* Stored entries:
· · · ·

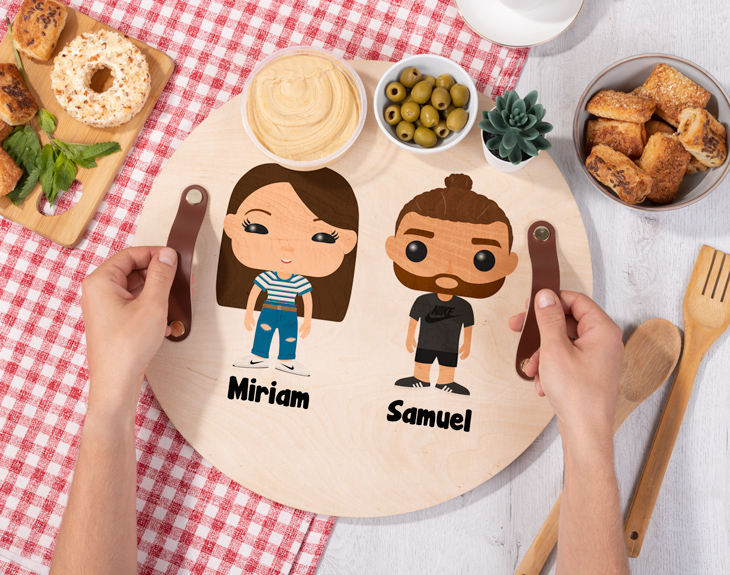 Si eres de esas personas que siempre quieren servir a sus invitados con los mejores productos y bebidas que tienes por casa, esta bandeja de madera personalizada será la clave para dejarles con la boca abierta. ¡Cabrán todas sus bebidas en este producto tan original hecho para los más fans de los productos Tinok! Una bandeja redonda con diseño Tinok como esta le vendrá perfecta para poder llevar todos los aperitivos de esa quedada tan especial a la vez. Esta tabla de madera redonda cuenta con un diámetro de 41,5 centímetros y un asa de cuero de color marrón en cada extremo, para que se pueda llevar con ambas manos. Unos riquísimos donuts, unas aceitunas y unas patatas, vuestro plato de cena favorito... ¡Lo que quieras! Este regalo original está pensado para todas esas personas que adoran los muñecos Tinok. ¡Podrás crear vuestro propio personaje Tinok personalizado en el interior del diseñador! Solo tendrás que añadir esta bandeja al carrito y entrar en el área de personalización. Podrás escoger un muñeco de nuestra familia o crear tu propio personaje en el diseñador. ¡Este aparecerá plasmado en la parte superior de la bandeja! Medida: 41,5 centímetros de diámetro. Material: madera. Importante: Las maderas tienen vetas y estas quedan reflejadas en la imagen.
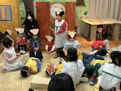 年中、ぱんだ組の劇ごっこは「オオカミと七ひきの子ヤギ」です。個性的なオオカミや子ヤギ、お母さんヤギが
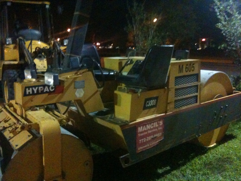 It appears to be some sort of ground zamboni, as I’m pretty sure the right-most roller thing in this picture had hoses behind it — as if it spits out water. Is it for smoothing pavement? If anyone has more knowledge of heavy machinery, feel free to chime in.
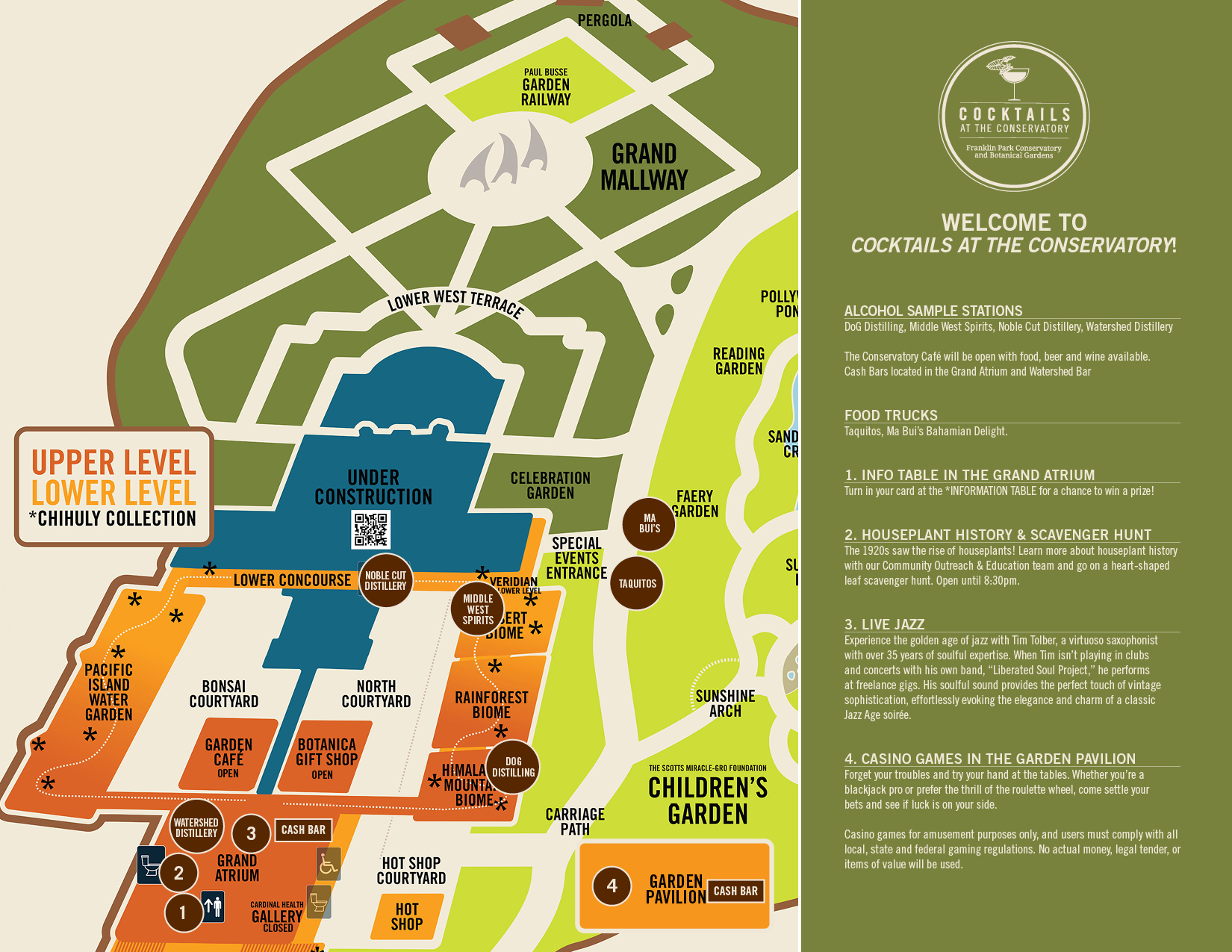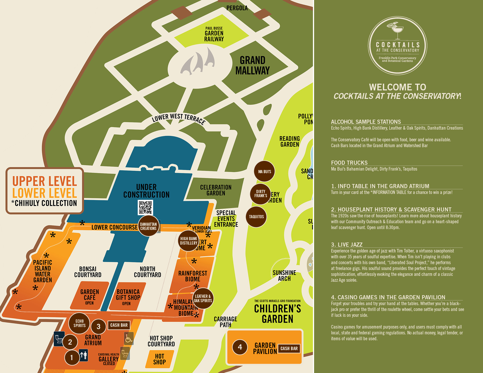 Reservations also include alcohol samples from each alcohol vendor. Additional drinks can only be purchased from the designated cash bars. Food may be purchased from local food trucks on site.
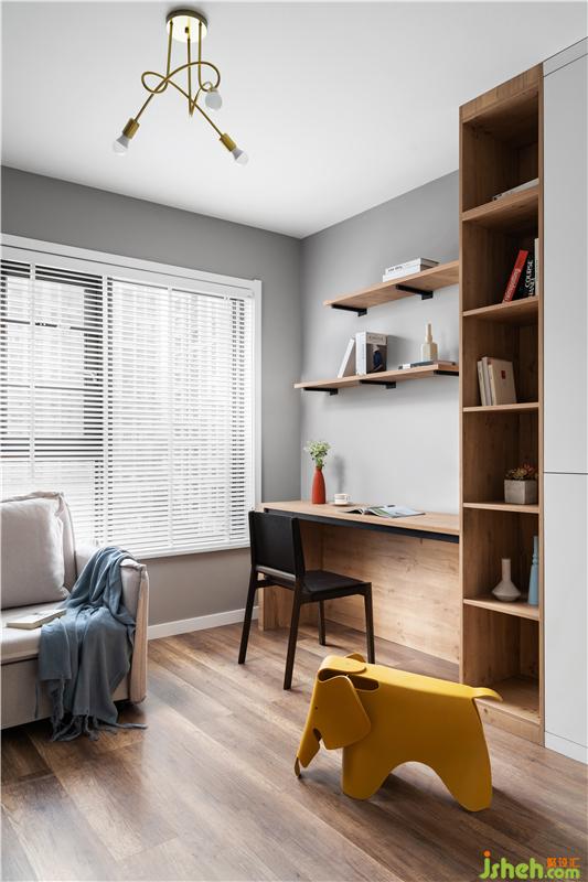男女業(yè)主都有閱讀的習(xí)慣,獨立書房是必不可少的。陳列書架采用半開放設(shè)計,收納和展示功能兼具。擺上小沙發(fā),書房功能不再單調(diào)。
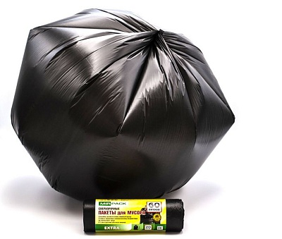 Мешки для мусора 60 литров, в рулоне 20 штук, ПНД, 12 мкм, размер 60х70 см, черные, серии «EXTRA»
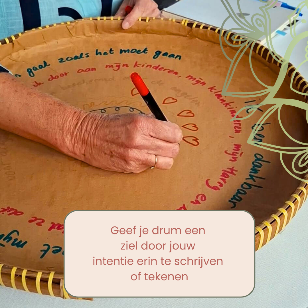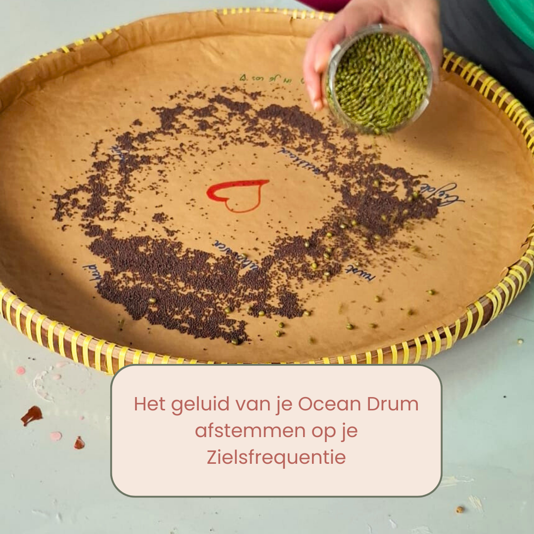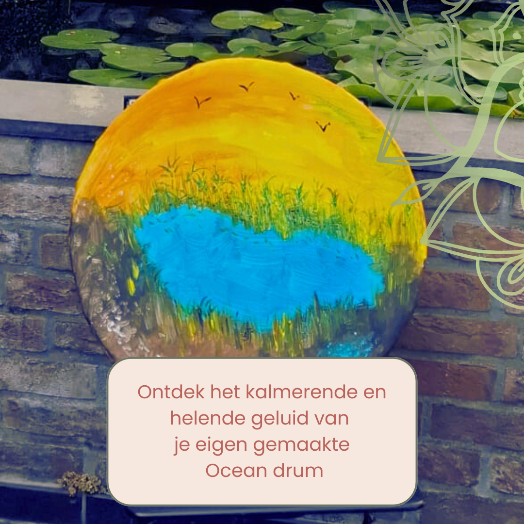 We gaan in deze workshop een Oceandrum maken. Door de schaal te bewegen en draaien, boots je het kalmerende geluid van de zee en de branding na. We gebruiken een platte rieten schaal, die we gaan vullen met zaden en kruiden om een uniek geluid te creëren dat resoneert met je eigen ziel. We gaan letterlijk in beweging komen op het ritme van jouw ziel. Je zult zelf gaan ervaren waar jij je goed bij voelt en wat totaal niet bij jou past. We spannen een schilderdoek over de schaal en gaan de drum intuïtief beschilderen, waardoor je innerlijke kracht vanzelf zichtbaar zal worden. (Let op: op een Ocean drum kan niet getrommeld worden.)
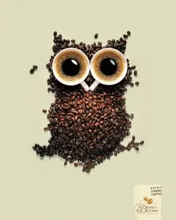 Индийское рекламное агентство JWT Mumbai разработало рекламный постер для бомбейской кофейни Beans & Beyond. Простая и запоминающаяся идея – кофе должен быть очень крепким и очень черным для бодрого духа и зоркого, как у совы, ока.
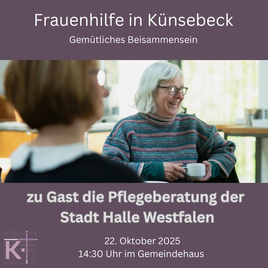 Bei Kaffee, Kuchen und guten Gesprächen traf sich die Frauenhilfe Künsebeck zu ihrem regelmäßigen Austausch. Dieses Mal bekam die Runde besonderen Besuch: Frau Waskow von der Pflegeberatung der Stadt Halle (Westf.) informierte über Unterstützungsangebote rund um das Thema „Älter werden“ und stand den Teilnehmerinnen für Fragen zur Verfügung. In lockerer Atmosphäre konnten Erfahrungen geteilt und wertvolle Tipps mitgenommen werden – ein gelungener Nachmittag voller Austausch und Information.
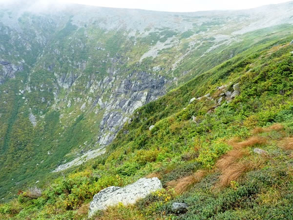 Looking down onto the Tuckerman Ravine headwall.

· · · ·

Write out the data once more exactly, omitting the pictures.

 Si eres de esas personas que siempre quieren servir a sus invitados con los mejores productos y bebidas que tienes por casa, esta bandeja de madera personalizada será la clave para dejarles con la boca abierta. ¡Cabrán todas sus bebidas en este producto tan original hecho para los más fans de los productos Tinok! Una bandeja redonda con diseño Tinok como esta le vendrá perfecta para poder llevar todos los aperitivos de esa quedada tan especial a la vez. Esta tabla de madera redonda cuenta con un diámetro de 41,5 centímetros y un asa de cuero de color marrón en cada extremo, para que se pueda llevar con ambas manos. Unos riquísimos donuts, unas aceitunas y unas patatas, vuestro plato de cena favorito... ¡Lo que quieras! Este regalo original está pensado para todas esas personas que adoran los muñecos Tinok. ¡Podrás crear vuestro propio personaje Tinok personalizado en el interior del diseñador! Solo tendrás que añadir esta bandeja al carrito y entrar en el área de personalización. Podrás escoger un muñeco de nuestra familia o crear tu propio personaje en el diseñador. ¡Este aparecerá plasmado en la parte superior de la bandeja! Medida: 41,5 centímetros de diámetro. Material: madera. Importante: Las maderas tienen vetas y estas quedan reflejadas en la imagen.
 年中、ぱんだ組の劇ごっこは「オオカミと七ひきの子ヤギ」です。個性的なオオカミや子ヤギ、お母さんヤギが
 It appears to be some sort of ground zamboni, as I’m pretty sure the right-most roller thing in this picture had hoses behind it — as if it spits out water. Is it for smoothing pavement? If anyone has more knowledge of heavy machinery, feel free to chime in.
 Reservations also include alcohol samples from each alcohol vendor. Additional drinks can only be purchased from the designated cash bars. Food may be purchased from local food trucks on site.
男女業(yè)主都有閱讀的習(xí)慣,獨立書房是必不可少的。陳列書架采用半開放設(shè)計,收納和展示功能兼具。擺上小沙發(fā),書房功能不再單調(diào)。
 Мешки для мусора 60 литров, в рулоне 20 штук, ПНД, 12 мкм, размер 60х70 см, черные, серии «EXTRA»
 We gaan in deze workshop een Oceandrum maken. Door de schaal te bewegen en draaien, boots je het kalmerende geluid van de zee en de branding na. We gebruiken een platte rieten schaal, die we gaan vullen met zaden en kruiden om een uniek geluid te creëren dat resoneert met je eigen ziel. We gaan letterlijk in beweging komen op het ritme van jouw ziel. Je zult zelf gaan ervaren waar jij je goed bij voelt en wat totaal niet bij jou past. We spannen een schilderdoek over de schaal en gaan de drum intuïtief beschilderen, waardoor je innerlijke kracht vanzelf zichtbaar zal worden. (Let op: op een Ocean drum kan niet getrommeld worden.)
 Индийское рекламное агентство JWT Mumbai разработало рекламный постер для бомбейской кофейни Beans & Beyond. Простая и запоминающаяся идея – кофе должен быть очень крепким и очень черным для бодрого духа и зоркого, как у совы, ока.
 Bei Kaffee, Kuchen und guten Gesprächen traf sich die Frauenhilfe Künsebeck zu ihrem regelmäßigen Austausch. Dieses Mal bekam die Runde besonderen Besuch: Frau Waskow von der Pflegeberatung der Stadt Halle (Westf.) informierte über Unterstützungsangebote rund um das Thema „Älter werden“ und stand den Teilnehmerinnen für Fragen zur Verfügung. In lockerer Atmosphäre konnten Erfahrungen geteilt und wertvolle Tipps mitgenommen werden – ein gelungener Nachmittag voller Austausch und Information.
 Looking down onto the Tuckerman Ravine headwall.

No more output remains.